DellÓrto 34PHBE CS / PHSB34 CS


Ebenfalls 1988 bringt Paolo Bellini eine eigene Speedwaykupplung auf den Markt. Diese mit 6  Einstellschrauben versehene Kupplung wiegt nur 2,7 Kilogramm und ist auch heute noch oft anzutreffen, u.a. auch bei Langbahn-GP Fahrer Daniel Bacher.

  Die nur 2,7 kg wiegende Bellini-Kupplung

    Bellini-Kupplung komplett


Etwa um das Jahr 1990 experimentiert Bellini mit einen GM-Zylinderkopf auf sein T354 Kurbelgehäuse.Diese Konstruktion kommt aber aus dem Versuchsstadium nicht heraus so das es bei Einzelstücken bleibt.


Bellini-Desmo-Motor


1998 baut Bellini einen Protyp  mit Desmodro- mischer Ventilsteuerung. Dabei setzt er den Vierventil-Desmo-Zylinderkopf, der stark dem der Ducati 851 ähnelt, auf das Kurbelgehäuse des T354. Die Nockenwellen werden hier bereits über Zahnräder angetrieben. Der Motor, der auf den beiden oberen Bildern zu sehen ist, war aufrecht eingebaut und mit hochgezogenen Auspuff versehen. Diese Maschine wurde von Bellini-Junior erfolgreich eingesetzt.
Im Zuge der Weiterentwicklung wurde der Motor 1999 für liegenden Einbau modifiziert.
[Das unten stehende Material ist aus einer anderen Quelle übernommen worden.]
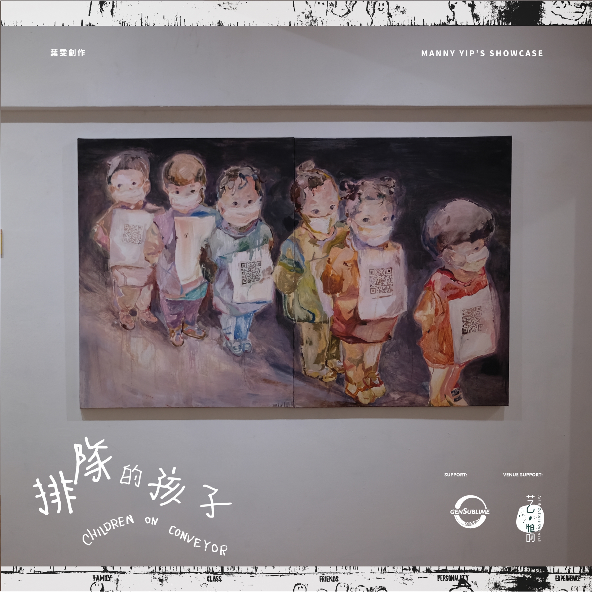 是次,葉雯描繪個人與社會彼此互動下形成的「隊伍」,作為某種秩序,重新審視個人成長經驗與社會建構之 的關係。她在過去幾年持續觀察兒童成長和疫情期間的排隊現象,藉全新作品反映社會既定秩序,並以繪畫、裝置作品探討個人成長、社會面貌等主題。
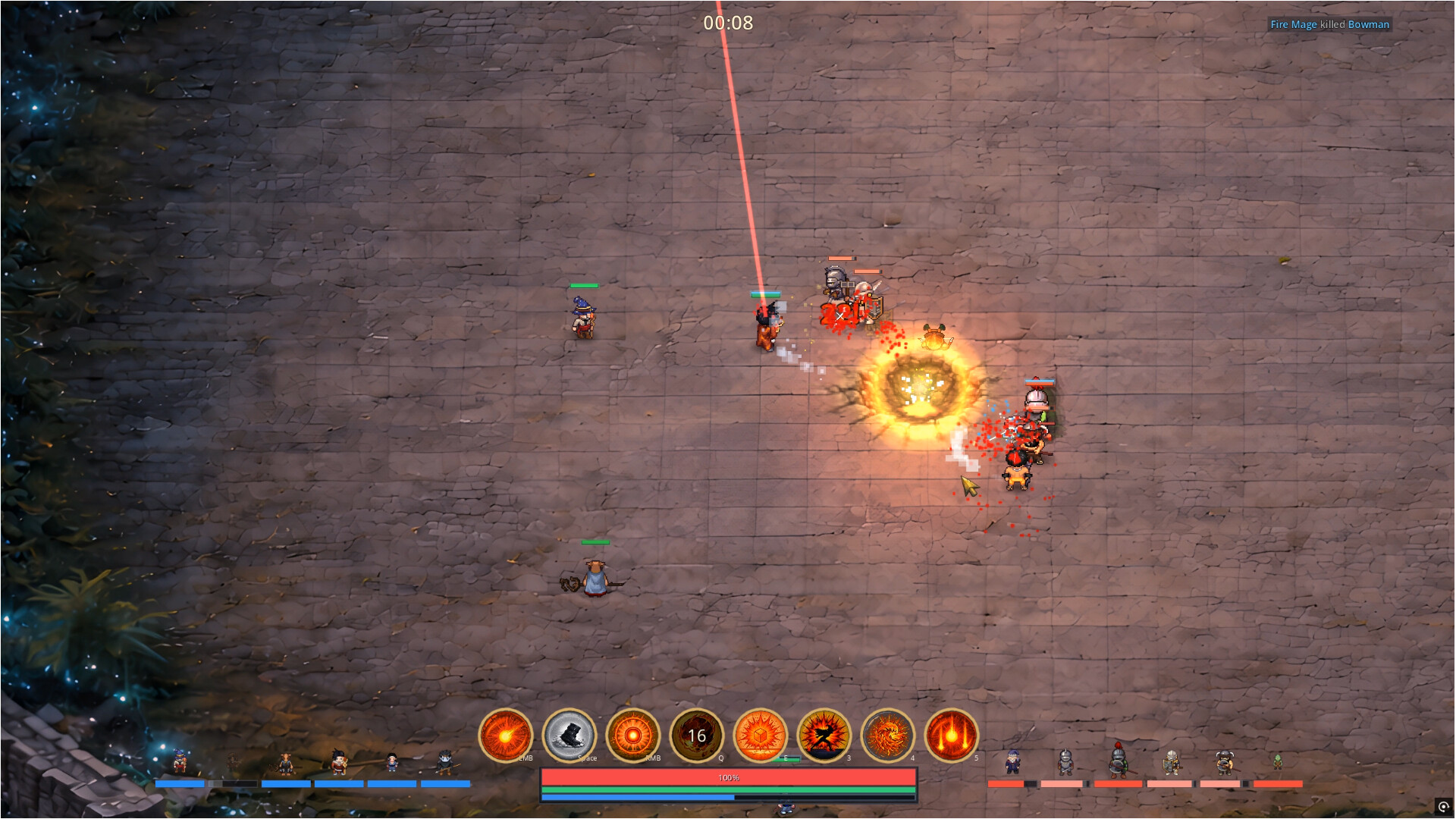 Control one fighter in fast-paced arena battles. Aim abilities, move, and react in real time to outplay your opponents through positioning and timing. Or step back, set tactics, and watch your team fight.

Dieser Motor ist auf den beiden linken Bildern zu sehen. Auch hiermit war Marco Bellini mehrere Jahre auf Italiens Speedwaybahnen unterwegs.


Bellini GPT 754-A -2004

Der Versuchsmotor GPT 754 A von 2004 war quasi der Vorläufer des jetzt auf den Markt gekommenen Typ 754-C. Auf dem Bild links hat Bellini die rechte Motorgehäusehälfte mit einem Plexiglasdeckel versehen um die Funktion der einzelnen Zahnräder zu zeigen.Der Deckel wurde hier mit einem roten Gehäusedichtungsmittel abgedichtet.Auf dem linken Bild ist unterhalb der Kurbelwelle einer der beiden Ölfilter zu sehen während auf dem oberen Bild unterhalb des Zylinders die außenliegende Filterpatrone zu erkennen ist.


Bellini GPT 754 B von 2006

Hier nun die vorletzte Entwicklungsstufe des neuen Bellini-Motors, der GPT 754 B von 2006. Auf den Bild links ist noch der außen liegende Ölfilter und die vorgebaute Ölwanne zu erkennen, die beim GPT 754 C  nicht mehr vorhanden sind.


Im Febrauar 2007 brachte Paolo Bellini dann den GPT 754 C herraus, der im ersten Teil der Bellini Story bereits ausführlich vorgestellt wurde.Hier hat Bellini seine ganzen Erfahrungen, die er mit den hier vorgestellten Prototypen gewonnen hat, umgesetzt.